The TCP protocol is a great case study of how backpressure can be used in practice. TCP provides a guarantee of in-order delivery of data to the application regardless of any packet reordering happening at the network level. This is achieved by numbering data at the sender side and delivering them in the order defined by this numbering at the receiver side. In some cases, the receiver needs to hold on to some data that have arrived early before delivering them to the application, so that previous data have also arrived and can be delivered first. In theory, the memory buffers holding this temporary data can grow unbounded causing issues. For this reason, a receiver imposes a limit on these buffers and communicates the remaining space to the sender, so that the sender can stop sending data when the buffers are full. This is a nice example of explicit backpressure exerted by a TCP receiver and the graceful reaction to this backpressure from the TCP sender4.

Flow control in TCP

The examples presented so far were intentionally contrived. In more realistic scenarios, there can be many systems that will make requests to each other essentially forming a chain. Each one of those systems should be able to react to backpressure exerted by the downstream systems accordingly. This means it should help the downstream system recover, following techniques like the ones described before, but it should also exert the same amount of backpressure upstream, where there is more context on what the user is trying to achieve. The systems in the middle and at the end of the chain will exert backpressure in a relatively mainstream way, e.g. by failing requests. Systems at the start of the chain that interact directly with users will usually be able to exert backpressure in more creative ways. For instance, they could present incomplete information to the user as illustrated in the previous example or they could temporarily block user actions, e.g. by disabling an action button and showing a message “please try again in a while”. This is where backpressure starts becoming a dance for more than two!

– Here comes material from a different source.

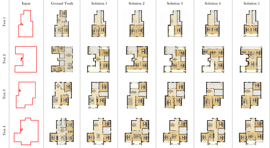 For the spatial layout problem, what we have given above is a solution based on big data and machine learning. By replacing different data, such as the floor plan of a commercial building, we can train artificial intelligence to learn and generate different types of building plans.

Backpressure in a chain of systems

Of course, doing all of this requires a considerable amount of engineering effort, which might not be justified in every single case. However, this effort can be minimised by establishing common processes and tooling, so that different systems and teams can benefit from previous work. In any case, knowing what backpressure is, what is the difference between implicit and explicit backpressure and how you can exert it and react to it is a very good first step towards building more reliable software systems.




  1. The network part was put into parentheses on purpose. The reason is backpressure can also exist within a single software system, e.g. between two different components exchanging data via memory, intead of going through the network. However, the benefits of backpressure manifest more strongly in distributed systems communicating through the network, so we will focus on this scenario here. Of course, this does not mean the same principles cannot be applied in the general case. 

  2. The generated load is sometimes called throughput, whereas the load that is successfully processed is called goodput. 

  3. This is especially true in public networks, like the Internet, where data need to go through multiple intermediaries that are simultaneously used by many other systems and can be overloaded themselves. 

  4. In TCP parlance, this is known as flow control.